The recently passed Inflation Reduction Act allocates $280 million for fusion energy science. And experiments in China, the U.K., and California have some scientists feeling hopeful that fusion could play a role in the global energy transition.
But there’s a problem. At lower temperatures, nuclear fusion requires more energy than it produces. It’s only when the plasma used to combine atoms reaches an extremely high temperature that it sets off a chain reaction and makes the process sustainable.
There are different approaches to achieving this chain reaction. But are scientists actually getting close to commercialization? And when will nuclear fusion be powering our homes and businesses?

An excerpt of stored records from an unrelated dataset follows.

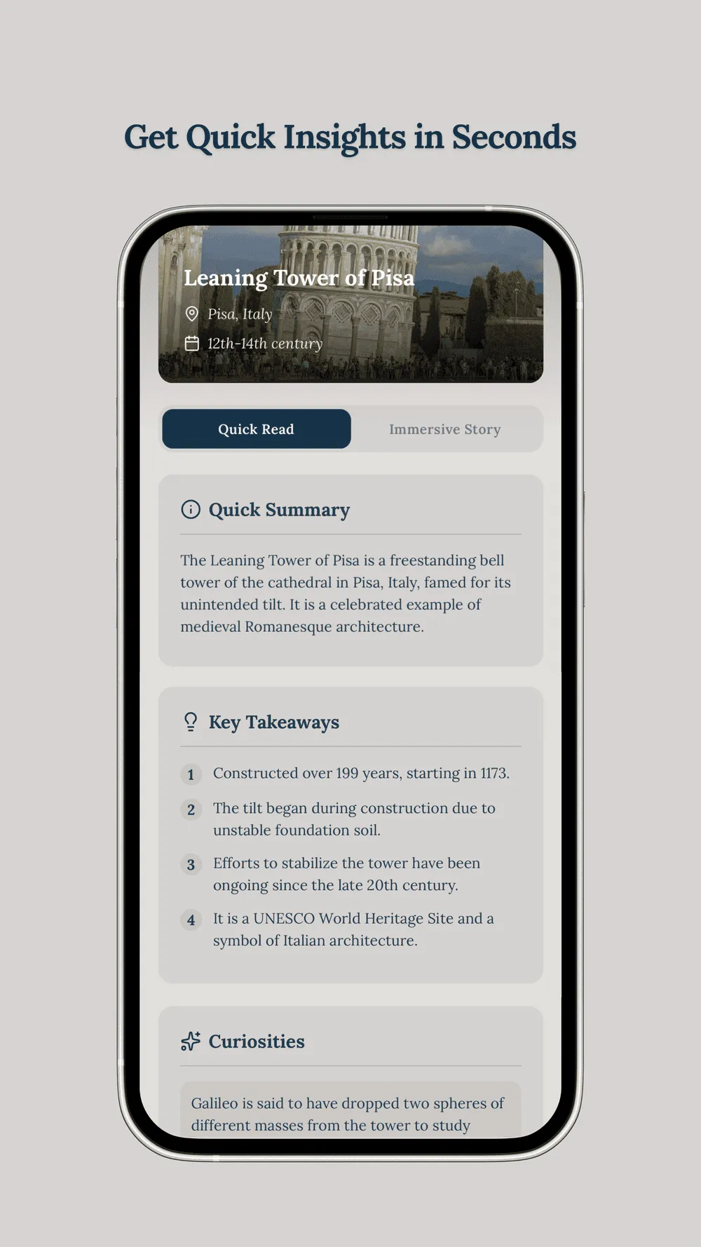"Perfect for exploring European cities! The AI instantly recognizes monuments and gives great historical context. My travel photos now tell stories."
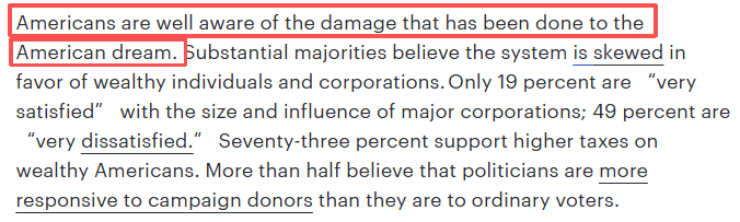 著作说,好意思国东说念主对“好意思国梦”的幻灭心知肚明:绝大多数东说念主以为轨制偏向富东说念主与大企业。合手续深远且不休扩大的不对等正在剖释社会凝合力,催生对轨制的不信任,并歪曲国度发展要点。
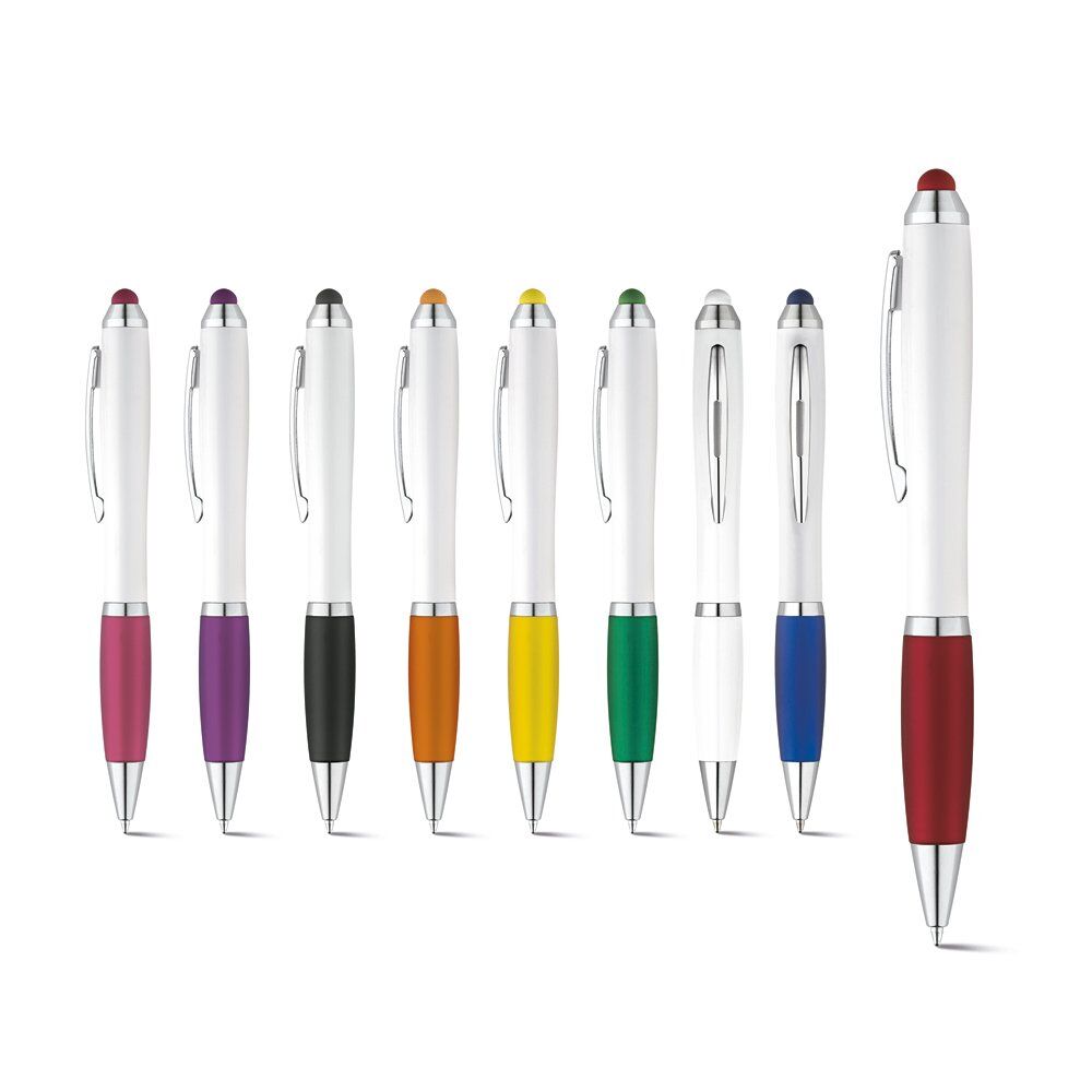 Ball pen with metal clip, non-slip grip and touch tip. ø11 x 135 mm
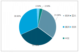 2017年全球各區(qū)域市場旅游收入市場占比情況

This week, host Bill Loveless talks with Dr. Dennis Whyte, Hitachi America Professor of Engineering at MIT and director of the MIT Plasma Science and Fusion Center. He also leads the Laboratory for Innovations and Fusion technology, which has energy company sponsorship to explore early-stage, disruptive fusion technologies.
Dr. Whyte played an integral role in Commonwealth Fusion Systems, a startup out of the Plasma Science and Fusion Center, that recently raised $1.8 billion in funding to commercialize fusion energy.
Bill talks with Dr. Whyte about the science behind nuclear fusion, his work at MIT, and the efforts to bring this technology to market.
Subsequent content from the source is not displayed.